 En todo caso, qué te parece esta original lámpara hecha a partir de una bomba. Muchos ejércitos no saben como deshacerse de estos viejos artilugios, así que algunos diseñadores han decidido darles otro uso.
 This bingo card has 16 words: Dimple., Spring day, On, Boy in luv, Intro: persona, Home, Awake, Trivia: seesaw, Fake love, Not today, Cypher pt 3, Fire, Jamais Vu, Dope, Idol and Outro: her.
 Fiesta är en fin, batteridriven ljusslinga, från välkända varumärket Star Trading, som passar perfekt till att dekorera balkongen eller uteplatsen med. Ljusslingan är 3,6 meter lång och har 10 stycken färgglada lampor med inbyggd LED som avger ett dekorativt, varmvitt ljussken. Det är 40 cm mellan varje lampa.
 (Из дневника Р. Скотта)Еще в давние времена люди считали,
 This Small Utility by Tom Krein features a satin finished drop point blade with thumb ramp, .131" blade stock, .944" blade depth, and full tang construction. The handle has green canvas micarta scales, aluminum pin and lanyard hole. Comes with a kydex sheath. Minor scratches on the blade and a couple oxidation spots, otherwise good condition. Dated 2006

* * * * * * *

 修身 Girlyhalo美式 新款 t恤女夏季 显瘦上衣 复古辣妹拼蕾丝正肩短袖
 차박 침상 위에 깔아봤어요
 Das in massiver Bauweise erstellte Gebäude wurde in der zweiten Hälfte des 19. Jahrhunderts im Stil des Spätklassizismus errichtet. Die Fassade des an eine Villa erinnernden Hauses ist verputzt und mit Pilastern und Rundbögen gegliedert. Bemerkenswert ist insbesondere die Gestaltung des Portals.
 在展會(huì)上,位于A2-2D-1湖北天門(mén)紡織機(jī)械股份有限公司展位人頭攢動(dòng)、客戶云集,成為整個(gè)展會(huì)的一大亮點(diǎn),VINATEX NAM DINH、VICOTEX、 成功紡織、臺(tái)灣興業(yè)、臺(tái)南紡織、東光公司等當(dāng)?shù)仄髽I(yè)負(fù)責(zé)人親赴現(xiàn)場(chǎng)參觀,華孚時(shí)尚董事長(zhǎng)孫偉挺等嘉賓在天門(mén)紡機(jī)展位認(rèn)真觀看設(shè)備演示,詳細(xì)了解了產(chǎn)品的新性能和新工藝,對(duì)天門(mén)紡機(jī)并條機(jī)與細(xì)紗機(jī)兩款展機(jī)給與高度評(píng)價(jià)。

* * * * * * *

### Problem requirements
Lines with the word "This" in them should be copied from the preceding records.

### Completed exercise
 This bingo card has 16 words: Dimple., Spring day, On, Boy in luv, Intro: persona, Home, Awake, Trivia: seesaw, Fake love, Not today, Cypher pt 3, Fire, Jamais Vu, Dope, Idol and Outro: her.
 This Small Utility by Tom Krein features a satin finished drop point blade with thumb ramp, .131" blade stock, .944" blade depth, and full tang construction. The handle has green canvas micarta scales, aluminum pin and lanyard hole. Comes with a kydex sheath. Minor scratches on the blade and a couple oxidation spots, otherwise good condition. Dated 2006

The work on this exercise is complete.